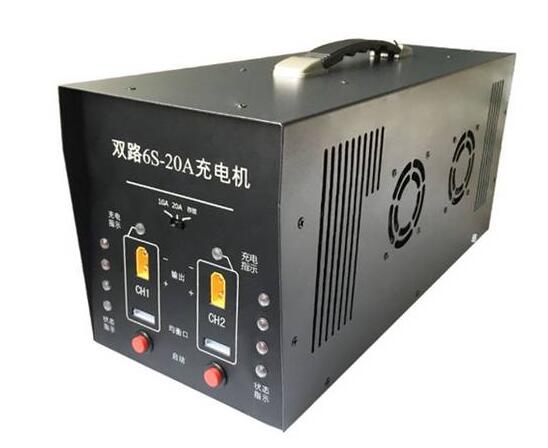 5.便攜式無人機充電器 這款充電器是由鄭州正方科技推出的,最大的亮點就是操作簡單、便捷,在使用時直接插 上220V電源就可以直接充電,充電電流20A。充電器還有放電功能,在電池如果要存放,充電器能把電池電量充到或放到最佳的保存狀態(tài),目前是只支持6S電池的充放電,一次可以充兩組,功能確實沒有之前的幾款充電器多,但植保上的飛機基本上用的都是6S的所以這個影響不是太大,對于植保的飛手和農(nóng)民而言確實省了不少的操作流程,工作起來很簡單。價格應該是偏低了1600左右。
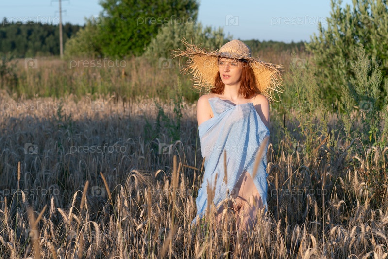 Молодая красивая женщина стоит летом в поле с тканью
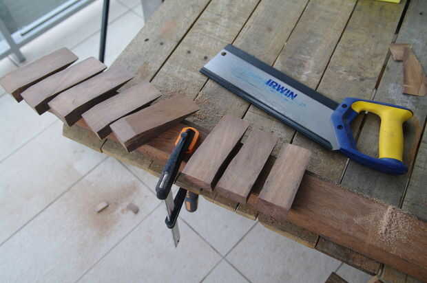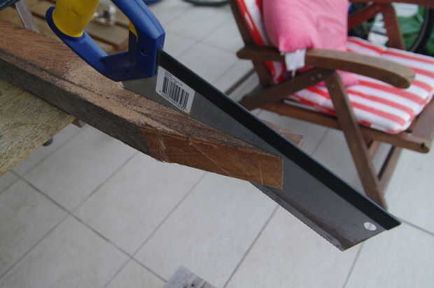 He utilizado un trozo de madera de construcción que recogió de otro sitio de la demolición. No estoy seguro de qué tipo de madera es, pero es muy difícil. Cortar con una sierra de mano fue algo de trabajo pero lo recomiendo para un trabajo limpio y preciso. Usted puede probablemente ir más rápido con una sierra de cinta si tiene uno. No recomiendo usar una sierra circular en todos para esta tarea.
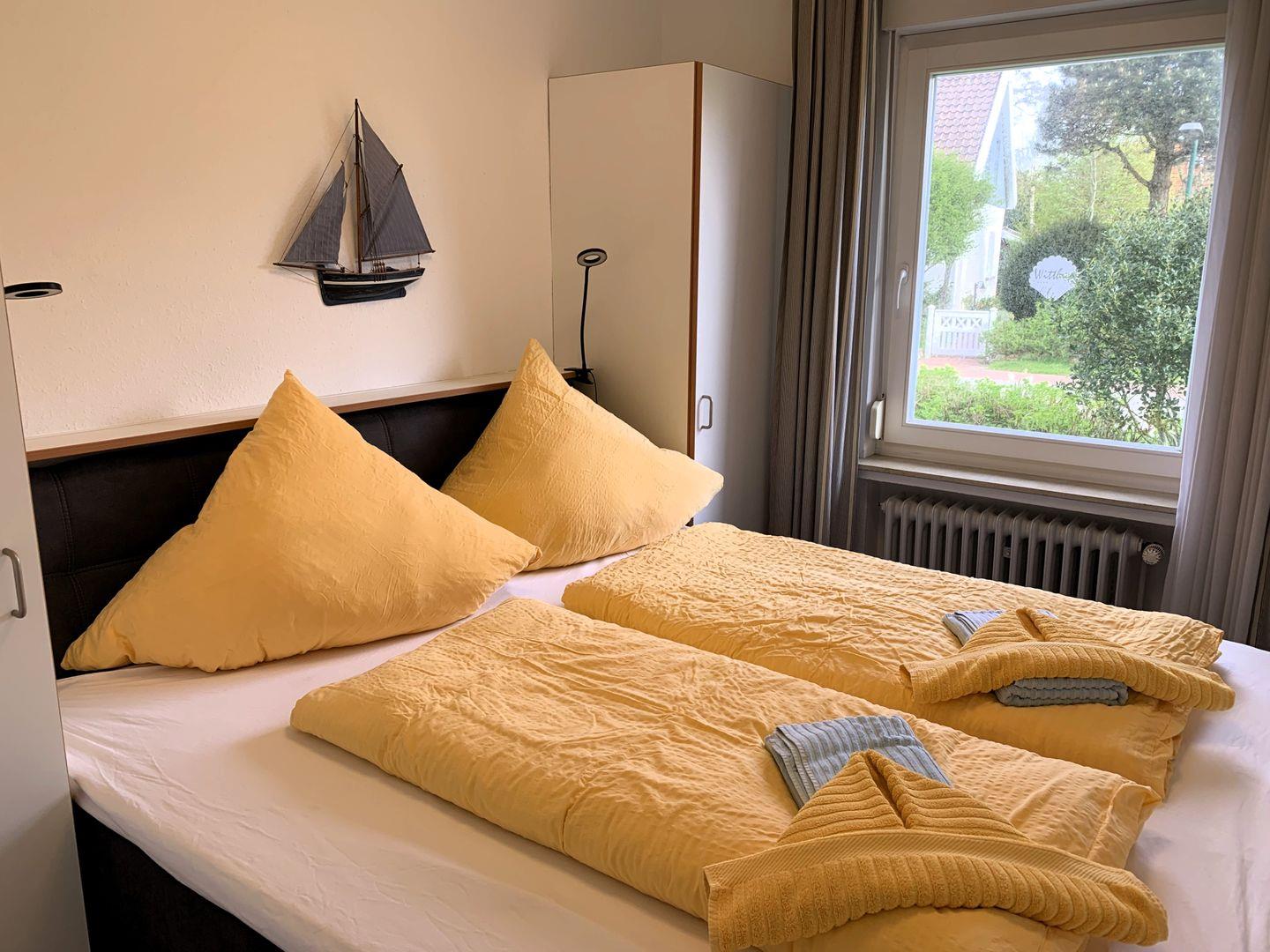 1 Schlafzimmer mit Boxspringbett und 2 Schlafzimmer mit je einem Einzelbett
——————
--- WHAT IS REQUIRED ---
The lines to write out are those from the first line of the listing above through the line bearing "Молодая красивая женщина", both included, copied exactly with pictures dropped.

--- SOLVED EXERCISE ---
 5.便攜式無人機充電器 這款充電器是由鄭州正方科技推出的,最大的亮點就是操作簡單、便捷,在使用時直接插 上220V電源就可以直接充電,充電電流20A。充電器還有放電功能,在電池如果要存放,充電器能把電池電量充到或放到最佳的保存狀態(tài),目前是只支持6S電池的充放電,一次可以充兩組,功能確實沒有之前的幾款充電器多,但植保上的飛機基本上用的都是6S的所以這個影響不是太大,對于植保的飛手和農(nóng)民而言確實省了不少的操作流程,工作起來很簡單。價格應該是偏低了1600左右。
 Молодая красивая женщина стоит летом в поле с тканью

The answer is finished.